** Description of the task **
Please output exactly the part of the records below that opens with the line containing "Керамическая черепица Contiton изготовлена" and closes with the line containing "Với chất liệu", both lines included, and nothing else.

[Saved data entries]
*****

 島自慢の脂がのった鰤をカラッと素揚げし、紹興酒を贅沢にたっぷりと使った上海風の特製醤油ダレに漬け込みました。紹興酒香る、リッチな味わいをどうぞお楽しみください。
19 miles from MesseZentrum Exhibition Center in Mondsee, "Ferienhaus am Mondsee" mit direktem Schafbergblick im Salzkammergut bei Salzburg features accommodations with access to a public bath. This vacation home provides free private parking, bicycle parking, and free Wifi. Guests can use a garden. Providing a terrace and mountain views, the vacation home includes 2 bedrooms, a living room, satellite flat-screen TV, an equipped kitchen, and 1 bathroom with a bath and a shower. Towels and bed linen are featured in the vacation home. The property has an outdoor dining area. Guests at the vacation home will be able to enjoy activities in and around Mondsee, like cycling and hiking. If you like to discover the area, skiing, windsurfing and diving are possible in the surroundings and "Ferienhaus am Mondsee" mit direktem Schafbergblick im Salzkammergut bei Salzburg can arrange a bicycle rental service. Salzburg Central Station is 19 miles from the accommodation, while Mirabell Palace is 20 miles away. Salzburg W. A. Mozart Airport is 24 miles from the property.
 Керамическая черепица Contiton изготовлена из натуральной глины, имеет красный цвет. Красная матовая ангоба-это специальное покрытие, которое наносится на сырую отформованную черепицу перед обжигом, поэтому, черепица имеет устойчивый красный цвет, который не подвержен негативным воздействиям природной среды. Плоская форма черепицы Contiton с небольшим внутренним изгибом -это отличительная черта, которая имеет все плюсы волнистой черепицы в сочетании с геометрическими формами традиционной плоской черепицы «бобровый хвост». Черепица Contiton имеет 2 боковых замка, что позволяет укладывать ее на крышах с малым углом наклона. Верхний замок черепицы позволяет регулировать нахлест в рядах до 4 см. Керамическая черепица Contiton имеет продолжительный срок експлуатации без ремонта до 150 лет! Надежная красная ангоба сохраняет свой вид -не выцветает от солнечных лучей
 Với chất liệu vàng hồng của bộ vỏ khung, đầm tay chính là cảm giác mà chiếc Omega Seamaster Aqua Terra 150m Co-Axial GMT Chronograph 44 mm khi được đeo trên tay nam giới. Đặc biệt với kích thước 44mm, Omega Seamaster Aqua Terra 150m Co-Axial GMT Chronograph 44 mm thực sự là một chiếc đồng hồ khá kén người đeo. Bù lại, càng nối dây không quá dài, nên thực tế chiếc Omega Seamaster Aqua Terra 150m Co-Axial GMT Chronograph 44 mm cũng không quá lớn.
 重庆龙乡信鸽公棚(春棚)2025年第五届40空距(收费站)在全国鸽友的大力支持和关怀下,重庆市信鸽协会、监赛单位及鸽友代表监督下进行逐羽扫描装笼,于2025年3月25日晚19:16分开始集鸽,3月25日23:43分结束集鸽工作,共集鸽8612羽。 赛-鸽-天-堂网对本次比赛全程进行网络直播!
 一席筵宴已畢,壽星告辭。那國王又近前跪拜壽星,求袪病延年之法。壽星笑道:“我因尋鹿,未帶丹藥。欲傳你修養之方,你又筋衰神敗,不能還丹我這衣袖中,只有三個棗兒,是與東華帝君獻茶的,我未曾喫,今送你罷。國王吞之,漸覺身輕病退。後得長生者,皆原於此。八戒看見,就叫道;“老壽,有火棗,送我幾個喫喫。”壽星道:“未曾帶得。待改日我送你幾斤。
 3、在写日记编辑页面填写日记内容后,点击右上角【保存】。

*****

** Result of this exercise **
 Керамическая черепица Contiton изготовлена из натуральной глины, имеет красный цвет. Красная матовая ангоба-это специальное покрытие, которое наносится на сырую отформованную черепицу перед обжигом, поэтому, черепица имеет устойчивый красный цвет, который не подвержен негативным воздействиям природной среды. Плоская форма черепицы Contiton с небольшим внутренним изгибом -это отличительная черта, которая имеет все плюсы волнистой черепицы в сочетании с геометрическими формами традиционной плоской черепицы «бобровый хвост». Черепица Contiton имеет 2 боковых замка, что позволяет укладывать ее на крышах с малым углом наклона. Верхний замок черепицы позволяет регулировать нахлест в рядах до 4 см. Керамическая черепица Contiton имеет продолжительный срок експлуатации без ремонта до 150 лет! Надежная красная ангоба сохраняет свой вид -не выцветает от солнечных лучей
 Với chất liệu vàng hồng của bộ vỏ khung, đầm tay chính là cảm giác mà chiếc Omega Seamaster Aqua Terra 150m Co-Axial GMT Chronograph 44 mm khi được đeo trên tay nam giới. Đặc biệt với kích thước 44mm, Omega Seamaster Aqua Terra 150m Co-Axial GMT Chronograph 44 mm thực sự là một chiếc đồng hồ khá kén người đeo. Bù lại, càng nối dây không quá dài, nên thực tế chiếc Omega Seamaster Aqua Terra 150m Co-Axial GMT Chronograph 44 mm cũng không quá lớn.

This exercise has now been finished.